Create a GitHub repo that will be used to upload and download public SSH keys, certificate signing requests, and certificates. In our example this repository is owned by GitHub user githubuser and is named githubrepo. In practice I use a repo called issues. This repository should normally contain no files and there is no need to clone it.
This repository can be public on GitHub, since there is not need for these files to be kept secret, but there is also no reason not to use a private repository. If you use a public repository, I recommend that you limit interaction with it to collaborators (under settings -> moderation options). This will ensure that other people won't be able to add issues.
Add the GitHub accounts of administrators of each system in the realm as collaborators for this repository (under the settings menu for the repository), so that they can add issues that contain public keys and certificate signing requests.
If you decided to use a broker, create an AWS account if you do not have one and create an instance of IoT Core.
Copy the URL of the broker, also called it endpoint, to the BROKER variable in system.txt. The URL is available in the AWS web console under IoT Core -> Settings.
Under the Security panel of IoT Core in the console, create two policies called tunnel.target and tunnel.controller. These define the permissions of each MQTT client. Use the files under policies in this repository as templated, but edit them to reflect the correct AWS resource names (ARNs). The resource names include the name of the AWS region and a long number that specifies your AWS account. In the sample files, this part of the ARNs is eu-central-1:123456789012. You must replace this part by the corresponding one for your account.
On some computer, say your laptop, set up the environment required to sign certificates for remote and controlling computers. Unpack tunnels.tgz or tunnels.zip into some directory, say tunnels.

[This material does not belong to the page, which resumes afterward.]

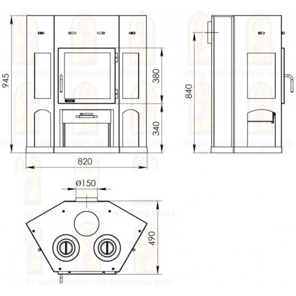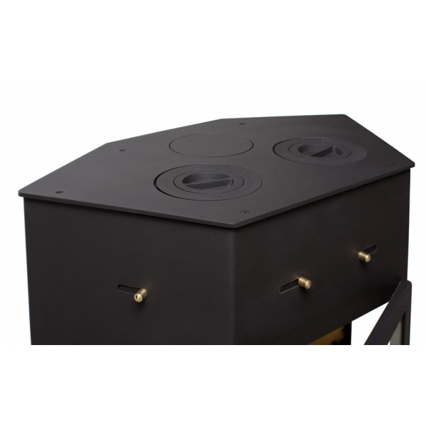- Верхняя панель печи изготовлена из стали толщиной 8 мм и представляет из себя удобную варочную поверхность с двумя конфорками, диаметр которых можно регулировать.

Add GitHub authentication by running
./tunnel.sh gh-auth ghp_xDgdOfeda9TrJxwg3EpHzhfRpNlfJX3sMVcQ
Test this using the ./tunnel.sh list command.
You also need AWS authentication. This can be done either by installing the AWS command-line tool (CLI) and issuing the aws configure command, or by directly editing ~/.aws/config and ~/.aws/credentials. See the AWS documentation for details on how to obtain and specify the required information.

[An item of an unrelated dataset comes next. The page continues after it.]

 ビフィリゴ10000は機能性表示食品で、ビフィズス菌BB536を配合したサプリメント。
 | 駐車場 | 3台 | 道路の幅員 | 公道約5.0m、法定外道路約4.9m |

Test that the credentials are valid using the ./tunnel.sh list-certificates command. Initially, it will not show any certificates, but it will demonstrate the ability to perform AWS operations.

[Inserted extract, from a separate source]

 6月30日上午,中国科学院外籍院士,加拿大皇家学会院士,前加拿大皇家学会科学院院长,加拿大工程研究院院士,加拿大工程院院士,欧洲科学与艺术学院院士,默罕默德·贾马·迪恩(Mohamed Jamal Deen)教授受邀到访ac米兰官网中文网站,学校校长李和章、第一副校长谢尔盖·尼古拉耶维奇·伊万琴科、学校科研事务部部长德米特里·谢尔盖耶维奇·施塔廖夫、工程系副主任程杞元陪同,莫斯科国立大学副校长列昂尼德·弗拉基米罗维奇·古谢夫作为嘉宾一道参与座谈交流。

That's it; your setup is now complete.
Once system administrators add SSH public keys to the GitHub issues repository, run on the proxy host the command
./tunnel.sh proxy-update-pubs
It will download all the public keys and will add them to the ~/.ssh/authorized_keys of the different systems. It will ask for permission when it encounters a new GitHub user. Normally the keys of each system should be uploaded by GitHub users that only manage that system. The permissions are stored in permissions.txt and can be easily edited.
Once system administrators add certificate signing requests to the issues repository, run on the signing computer the command
./tunnel.sh x509-ghsign atlas
(the argumnet is the name of the realm). This command will download all the new certificate signing requests, will ask AWS IoT Core to sign them, and will uploaded the signed certificates back to the GitHub repository.
I currently use an AWS Lightsail virtual computer for the proxy host. I use the second-cheapest option, at 5 USD/month, which includes the computer itself running 24/7 (with 1GB of RAM and a 1TB data transfer allowance). Even the cheaper option is probably good enough. Data transfers beyond the allowance are charged at the normal AWS data transfer rates, which are about 0.09 USD/GB for outgoing data and no charge for incoming data.
Other cloud providers might have better deals; for example, vulr.com charges about the same for the virtual host, but much less for additional bandwidth (0.01 GB/month).
AWS charges for multiple aspects of IoT Core, including both bandwidth and connection minutes, but for our use case, the dominant cost is connectivity, at 0.08 USD per million minutes, which is about 0.05 USD per year per remote computer.